- **EXERCISE DIRECTIONS**:
Pictures must not appear in the copy. Restate exactly the lines below from the one with "本体には耐衝撃性に優れたポリ" through the one with "显然,这样有一个很大的缺陷:我们没有考虑", inclusive.

- **DATA RECORDS**:
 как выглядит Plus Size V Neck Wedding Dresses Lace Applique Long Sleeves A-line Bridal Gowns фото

==

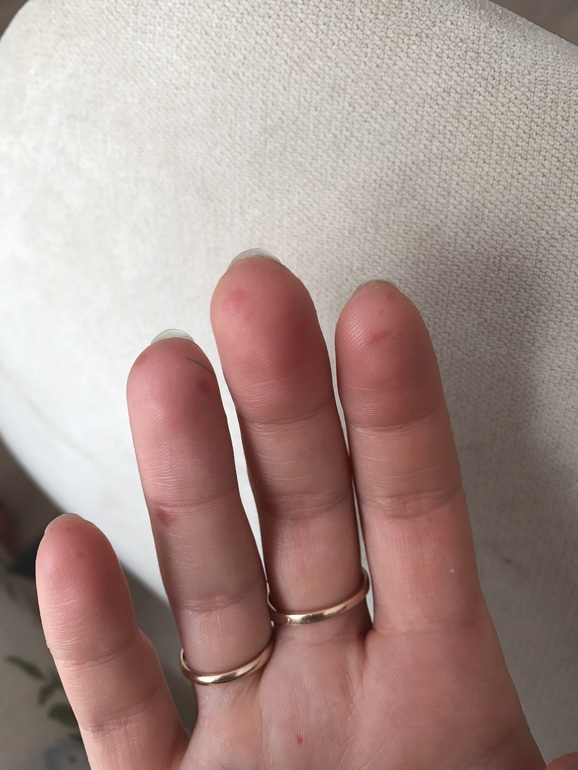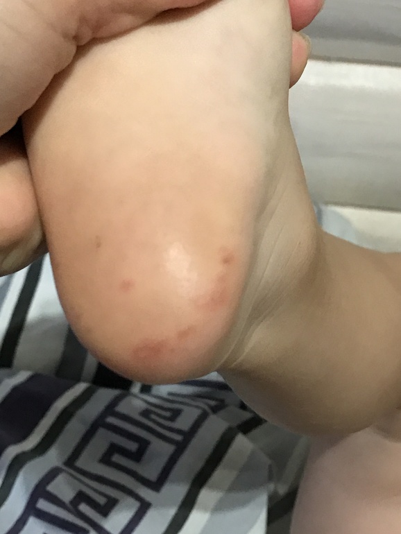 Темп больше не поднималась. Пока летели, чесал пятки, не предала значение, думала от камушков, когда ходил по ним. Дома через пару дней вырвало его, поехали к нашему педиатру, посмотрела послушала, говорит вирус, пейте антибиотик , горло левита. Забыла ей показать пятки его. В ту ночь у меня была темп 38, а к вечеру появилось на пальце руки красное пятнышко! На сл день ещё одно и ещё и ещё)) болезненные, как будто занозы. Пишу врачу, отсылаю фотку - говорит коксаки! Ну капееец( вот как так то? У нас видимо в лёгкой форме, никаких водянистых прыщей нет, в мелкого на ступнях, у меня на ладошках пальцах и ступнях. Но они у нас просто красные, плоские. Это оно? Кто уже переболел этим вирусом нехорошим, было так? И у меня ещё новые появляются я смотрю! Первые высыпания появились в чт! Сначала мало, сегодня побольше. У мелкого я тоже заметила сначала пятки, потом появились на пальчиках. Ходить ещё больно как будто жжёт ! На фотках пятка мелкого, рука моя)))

* * *

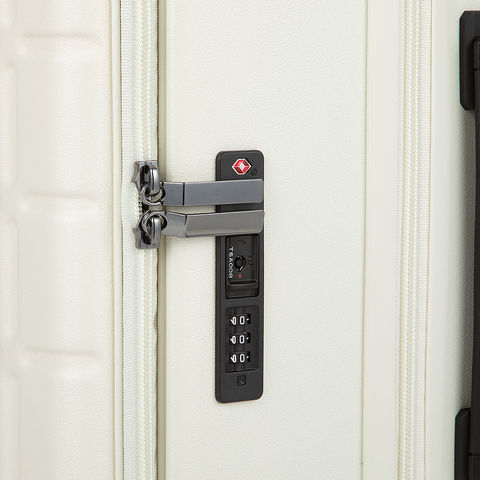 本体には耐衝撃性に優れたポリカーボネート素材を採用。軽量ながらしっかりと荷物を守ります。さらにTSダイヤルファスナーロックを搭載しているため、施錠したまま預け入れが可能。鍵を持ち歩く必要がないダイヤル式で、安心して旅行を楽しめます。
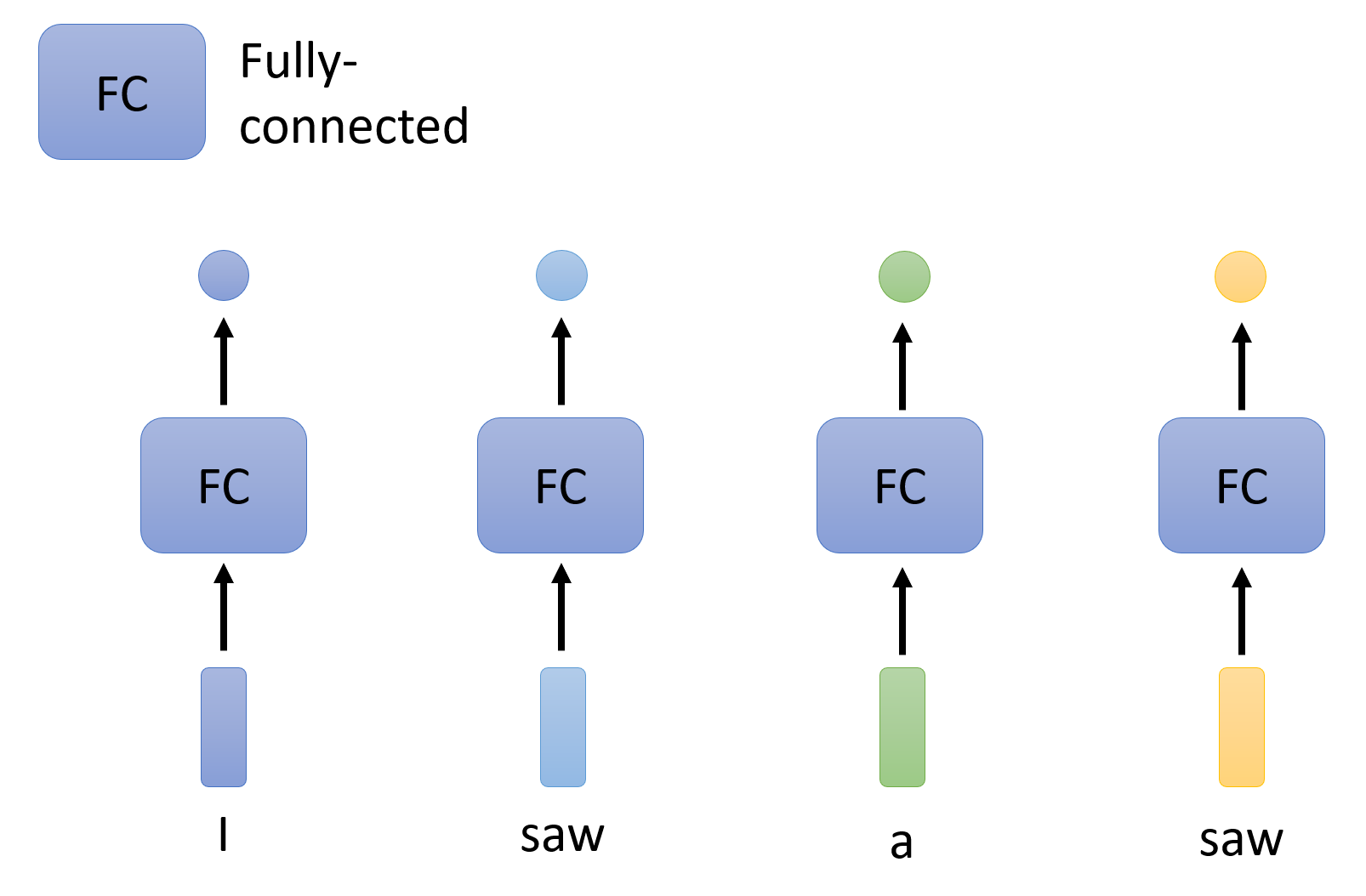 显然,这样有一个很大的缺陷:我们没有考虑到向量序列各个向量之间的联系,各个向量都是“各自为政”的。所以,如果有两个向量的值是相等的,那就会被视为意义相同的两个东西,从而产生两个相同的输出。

- **TASK SOLUTION**:
 本体には耐衝撃性に優れたポリカーボネート素材を採用。軽量ながらしっかりと荷物を守ります。さらにTSダイヤルファスナーロックを搭載しているため、施錠したまま預け入れが可能。鍵を持ち歩く必要がないダイヤル式で、安心して旅行を楽しめます。
 显然,这样有一个很大的缺陷:我们没有考虑到向量序列各个向量之间的联系,各个向量都是“各自为政”的。所以,如果有两个向量的值是相等的,那就会被视为意义相同的两个东西,从而产生两个相同的输出。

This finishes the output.